Kendi düzeninde, hayatını, yaşamını istediği çizgiye oturtmuş bir şekilde sürdüren insanların, tüm bunlardan vaz geçmesini, bekleye bilir misiniz?
Ya da bir kısmından bile olsa feragat etmesini isteye bilir misiniz?
Ülkeler nüfus planlaması ile sosyal yaşama, ekonomiye yön vermeye çalışırlar. Her şeyleri bu planlamalar üzerine oturtulmuştur!
İşte, başta Avrupa ülkeleri olmak üzere ekonomisi düzlükte olan,
yaşam standartları üst seviyelerde bulunan ülkelerin son dönemlerde kabusu haline gelen mülteci sorunu giderek tırmanmaya devam ediyor.
Başta orta doğudan olmak üzere dünyanın dört bir yanından değişik başlıklarla ülkelerini terk etmek zorunda kalan, ya da bırakılan insanlar ölümü göze alarak göç yollarında yeni bir yaşamın peşinde perişan oluyorlar.
Başta siyasi, ardından ekonomik nedenlere dayalı olarak mülteci olarak sığınma talebinin 2015 yılında bir milyona yakın olduğu ifade ediliyor.
İşini gücünü, evini, yurdunu bırakarak ailesiyle daha salim ve insanca yaşamın peşine düşenleri Avrupa nın hiç de hoş karşılamadığı ortada!
Yaşamlarında travmalar oluşacağı endişesi taşıyan Avrupa Birliği Türkiye yi bu göç dalgalarının önünde bir kalkan olarak seçmiş durumdadır.
Türkiye ye gelince, şark misafirperverliği içinde mültecilere en içten yaklaşımlarla kapılarını açan tek ülkedir!
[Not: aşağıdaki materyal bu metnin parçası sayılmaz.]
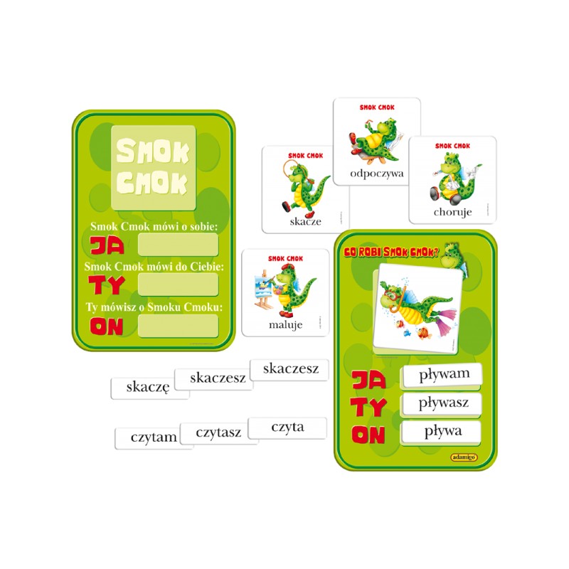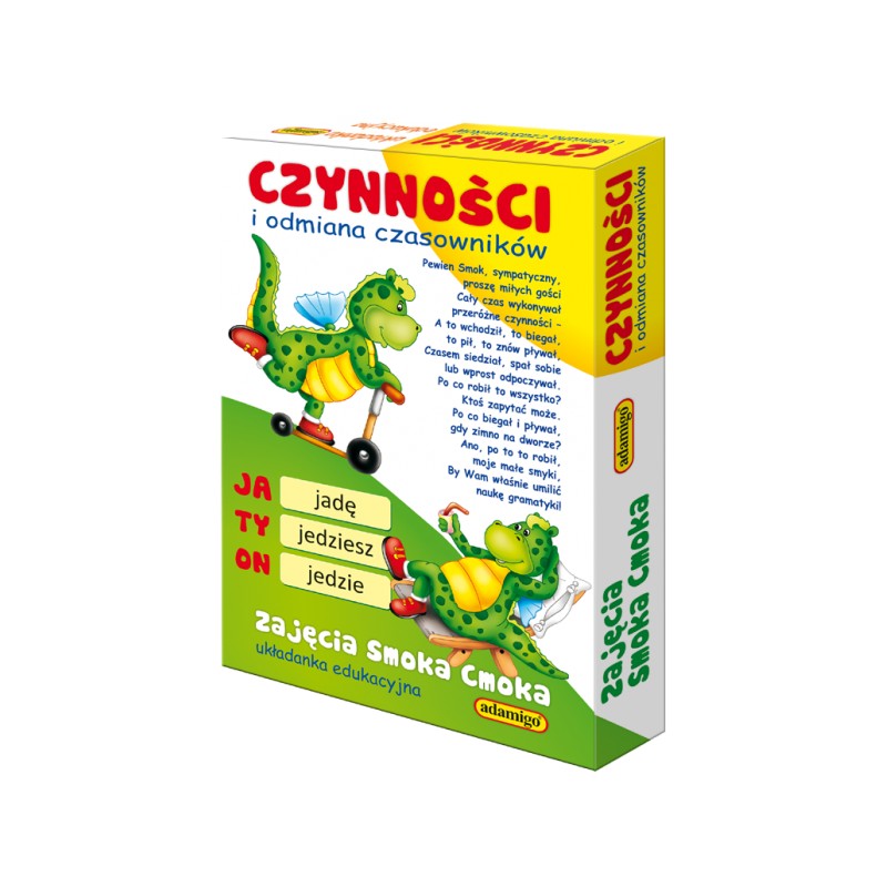 Układanka edukacyjna dla dzieci z klas I-III uczących się odmiany czasowników. Zestaw edukacyjny zawiera dwustronną planszę, 24 duże, dwustronne kartoniki z wierszykami oraz 36 mniejszych kartoników z czasownikami.

Ne var ki bu iyi niyetine karşılık “kullanılan” ülke durumuna getirilmek istenmektedir.
Türkiye, hele Rusya nın Suriye de çöreklenmesinin ardından mülteci gelişmesine daha ihtiyatlı yaklaşmak mecburiyetindedir!
Aynı ihtiyatlı yaklaşım Kıbrıs sorununa çözüm arayışındaki tutumuyla da ilgilidir.
Uçak düşürme olayının ardından Türkiye daha dikkatli davranmaya adeta itilmiştir.
Aynı durum Kıbrıs taki İngiliz üslerinden kalkarak İŞİD mevzilerine bomba yağdıran İngiliz uçaklarının durumu içinde geçerlidir.
Rusların bombalamalar devam ettiği takdirde “düşürürüm” tehdidi etkisini göstermiş, İngiliz uçakları bir daha havalanamamıştır.
Rusların Suriye ye koşullandırdığı füzeler bölge için artık bir tehdittir!
Rum kesimine gelince “Kıbrıs Cumhuriyeti” sıfatıyla mavi boncuk dağıtmaya devam etmektedir!
Ruslarla vals yaparken, Fransızlarla ça-ça-ça, Almanlarla tango, Amerikalılarla kavboy dansını denemektedir.
İşte böylesi bir ateş çemberi içinde Türkiye nin çok daha ihtiyatlı olması hayati bir meseledir!.